Kelapa sawit (Elaeis guineensis Jacq.) merupakan salah satu tanaman perkebunan yang
penting di Indonesia dengan prospek pengembangan yang baik karena potensi produksinya jauh
lebih tinggi dibandingkan tanaman penghasil minyak nabati lainnya. Produksi kelapa sawit di
Provinsi Bengkulu berdasarkan total produksi kelapa sawit pada tahun 2015 sebesar 831.236 ton
dengan luas lahan 301.088 ha, mengalami peningkatan pada tahun 2016 sebesar 914.103 ton
dengan luas lahan 308.669 ha. Untuk meningkatkan produksi kelapa sawit diperlukan adanya
pengembangan, perluasan kebun dan bibit yang baik dan berkualitas. Salah satu upaya yang
dilakukan untuk mendapatkan bibit yang berkualitas yaitu dengan pemilihan benih unggul dari
sumber benih berkualitas yang memiliki legalitas dari pemerintah (Erwandi et al., 2015). Selain
pemilihan benih yang unggul hal lain yang perlu diperhatikan adalah teknik budidaya yang
diawali dari pembibitan yang benar (Andi et al, 2019).

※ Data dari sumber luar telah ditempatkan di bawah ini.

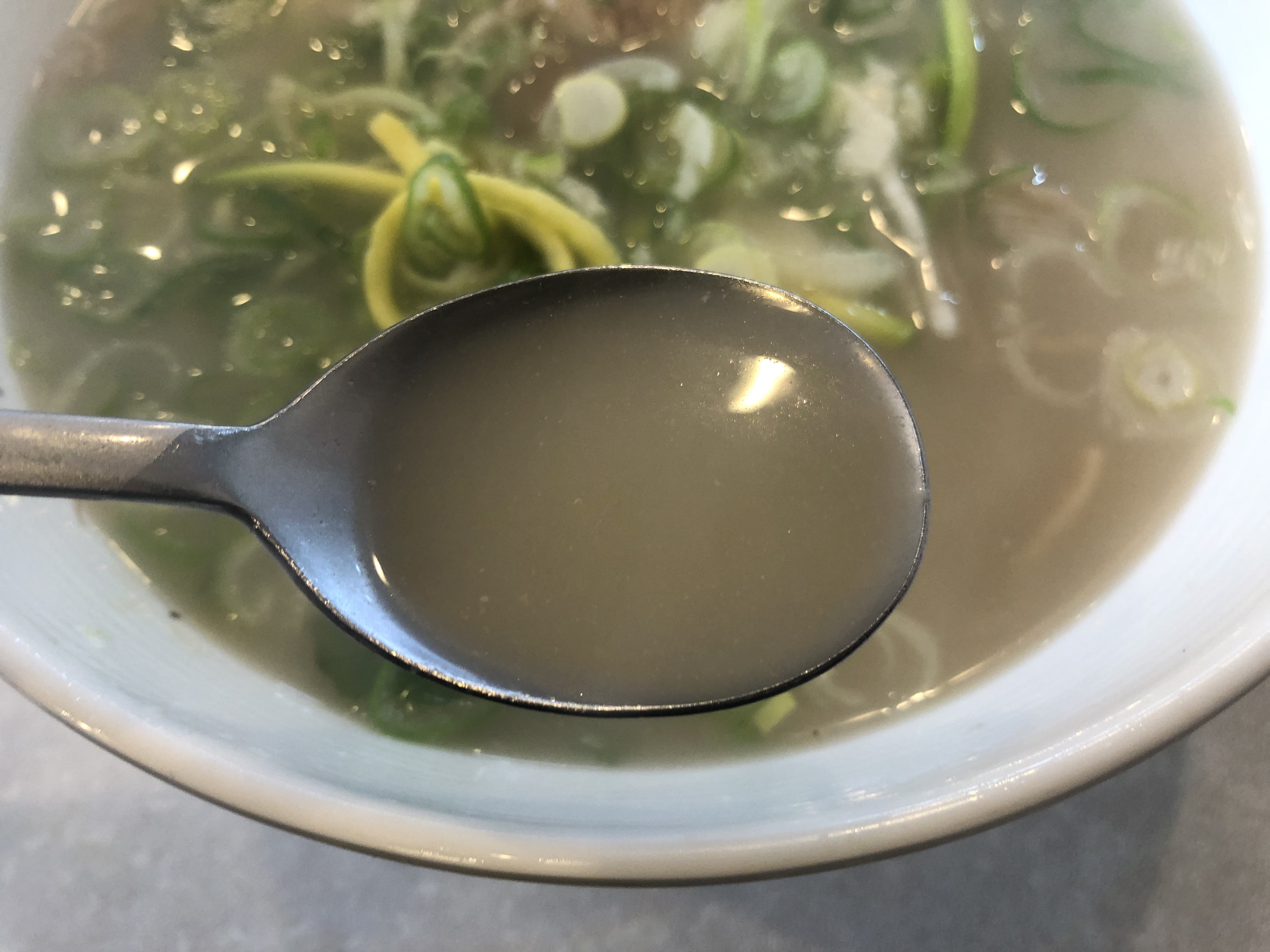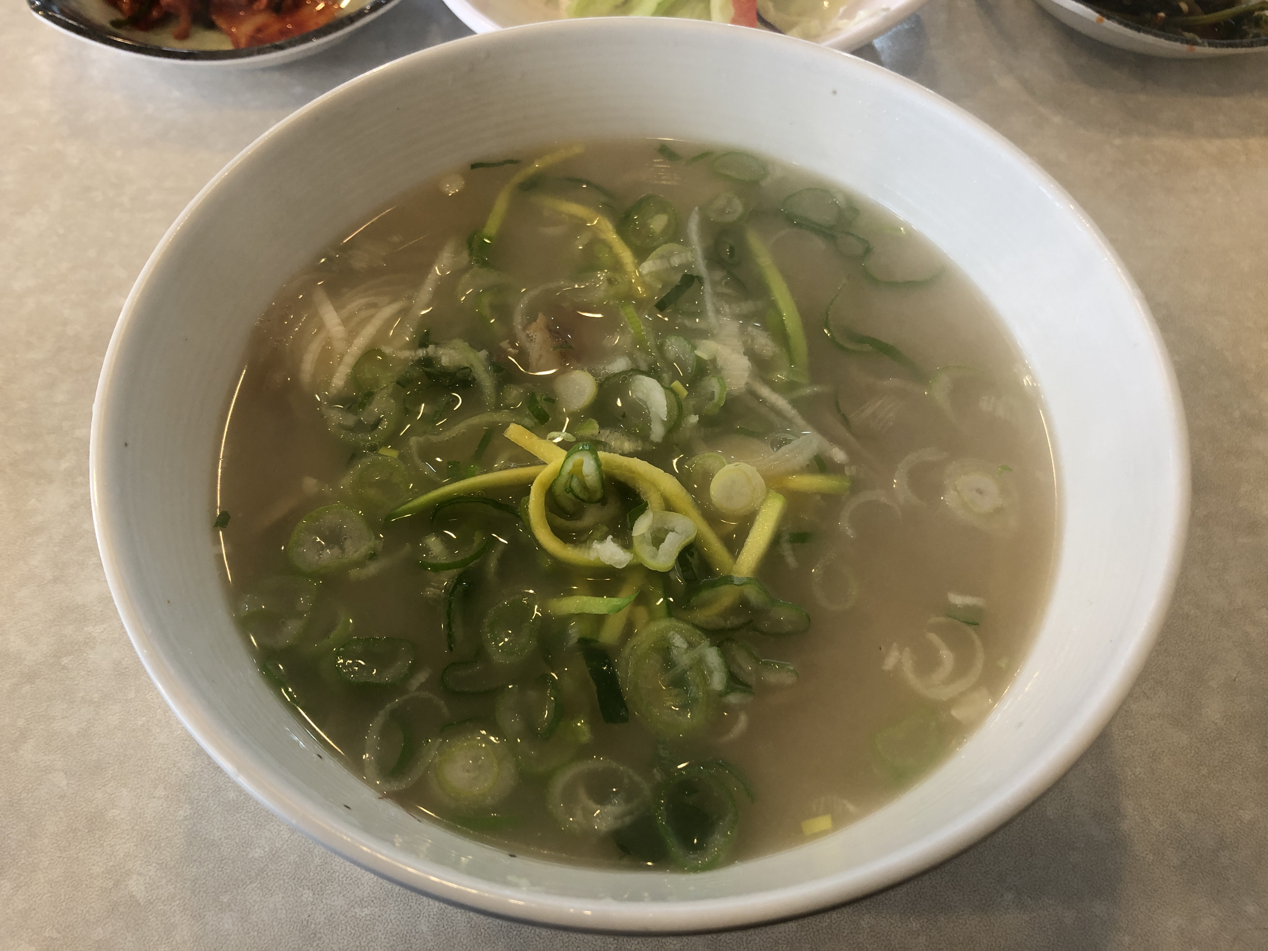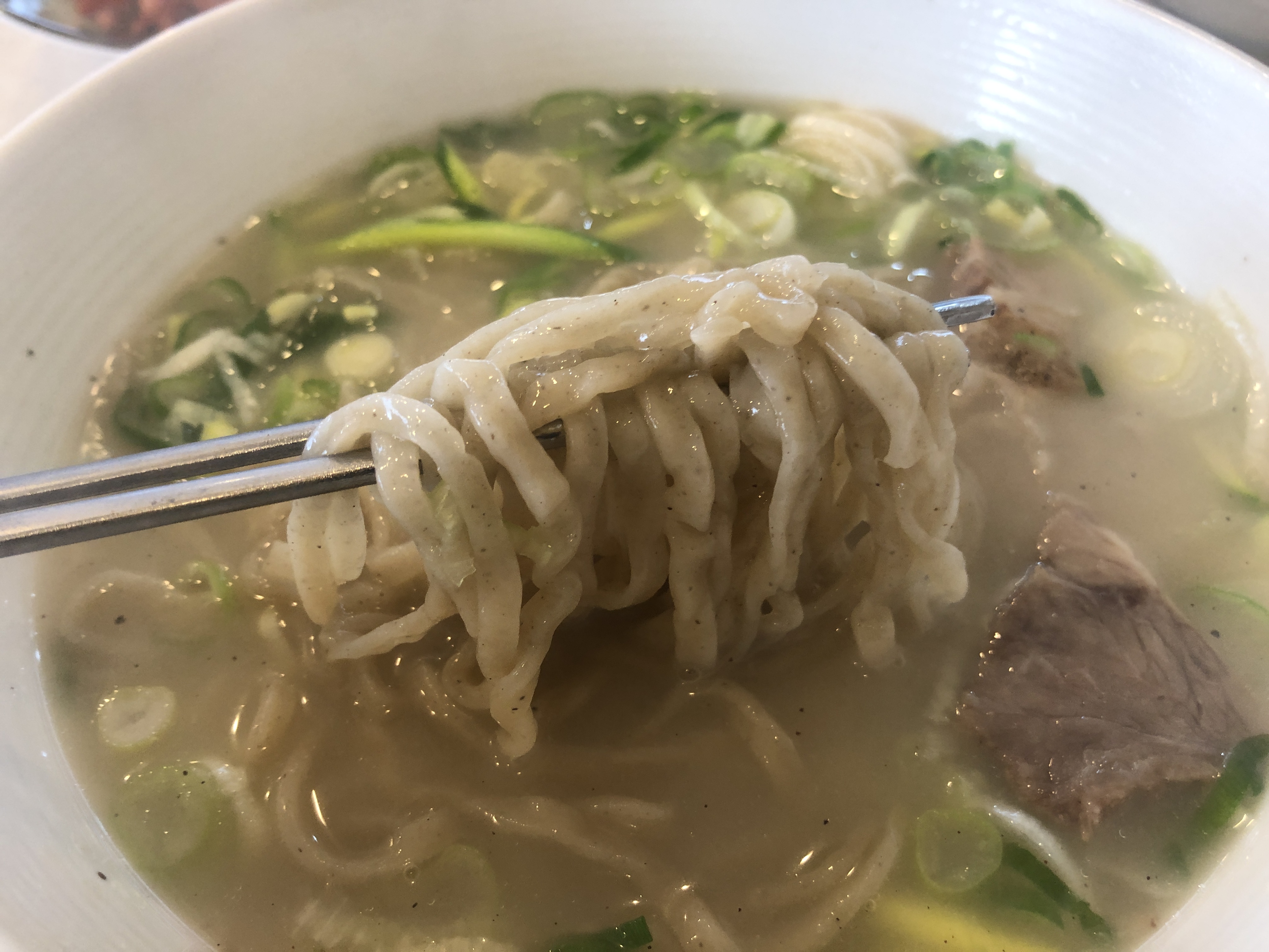 국물을 숟가락으로 떠먹자마자 진한 사골국물 맛이 느껴지고
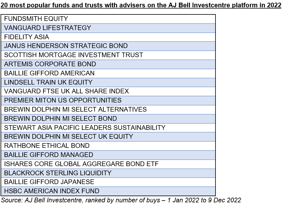 Bond funds have also proved popular with advisers in 2022, despite poor performance from this asset class. Bond yields are today much more attractive than they have been for some time, but there are still risks attached to the asset class stemming from inflation, which could continue to drive interest rates higher than expected, if it proves difficult for central banks to tame. In the UK government bond space, there will also be a significant amount of supply in the next twelve months from elevated government borrowing, alongside the unwinding of the Bank of England’s QE scheme, which could present further headwinds for the asset class.
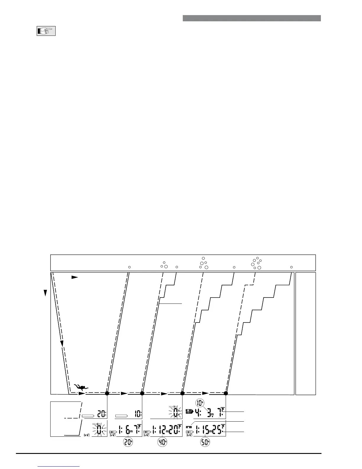 Similar to the display of information during decompression dives or dives within no-stop time,
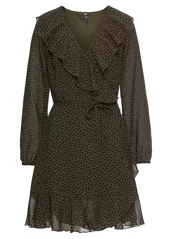 A dotted wrap-look chiffon dress with flounces. Machine washable. Length approx. 90 cm.
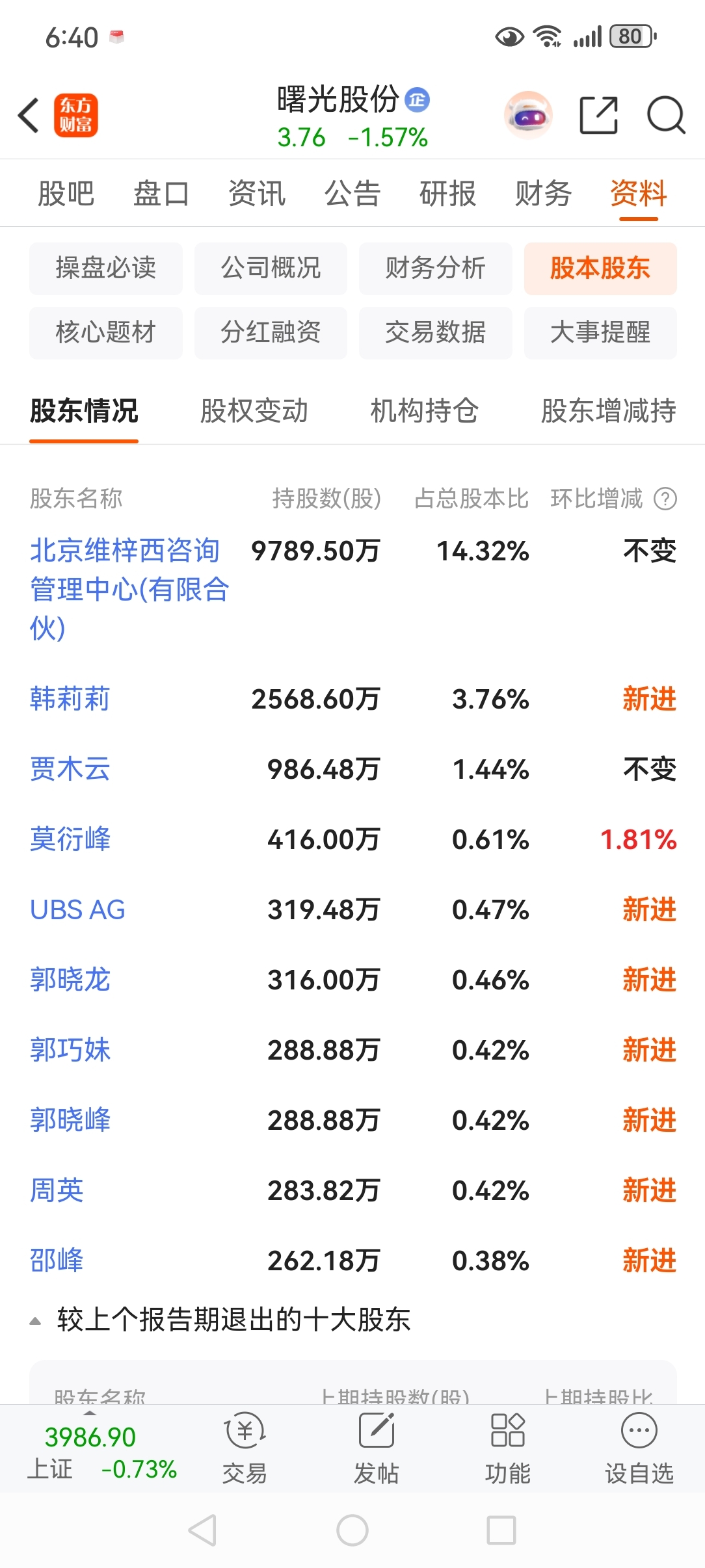 $曙光股份(SH600303)$ 现在曙光最大的利好只有一个,就是大股东绝对控股,没人来争,大股东以百分之十四的股份,就牢牢的控制了曙光。曙光这个破船走向何方,梁家妥妥的说了算,爱给谁就给谁,好无阻力

Benih kelapa sawit yang beredar dan terdistribusi di dalam negeri, peredarannya
diupayakan baik pemerintah, badan hukum maupun perorangan. Benih palsu di perkebunan
sawit Indonesia keberadaannya sudah diketahui sejak lama. Produktivitas minyak sawit nasional
pada tahun 2003/2004 rata-rata 3,27 Ton CPO/Ha/tahun, jika dilihat dari potensi produktivitas
yang disajikan sumber benih terpaut jauh sekitar 7,5 – 8,5 Ton CPO/Ha/tahun. Jika benih
berkontribusi pada produksi dianggap sebesar 50 %, maka seharusnya produktivitas sawit
Indonesia sebesar 3,75 – 4,25 Ton CPO/Ha/tahun. Tersebarnya benih palsu yang ditanam di
perkebunan kelapa sawit di Indonesia diperkirakan 20- 25% (Purba dan Witjaksana, 2009)
(Elidar, 2022).

Dalam rangka meminimalisir peredaran benih ilegitim maka pemerintah


meluncurkan program Waralaba Benih yaitu kerja sama antara pemberi waralaba (produsen
benih resmi) dengan penerima waralaba yaitu mitra di daerah pengembangan dengan
persyaratan pembayaran lunak dalam waktu satu tahun atau setelah bibit terjual. Waralaba
benih yang dikembangkan mengacu pada Peraturan Pemerintah No. 16 Tahun 1997 dan
Undang-undang Nomor 29 Tahun 2000 tentang Perlindungan Varietas Tanaman. Waralaba
bertujuan untuk menumbuhkembangkan usaha kecil/menengah di bidang perbenihan yang
menyediakan benih dengan jaminan mutu, adanya jaminan penyediaan benih bermutu
sampai tingkat konsumen dan adanya manfaat ekonomi dalam usaha waralaba
(Direktorat Perbenihan, 2003).

1.2 Tujuan

a) Untuk mengetahui pembibitan kelapa sawit prenursery dan mainnursery.

b) Untuk mengetahui jenis kelapa sawit yang mempunyai kualitas tinggi.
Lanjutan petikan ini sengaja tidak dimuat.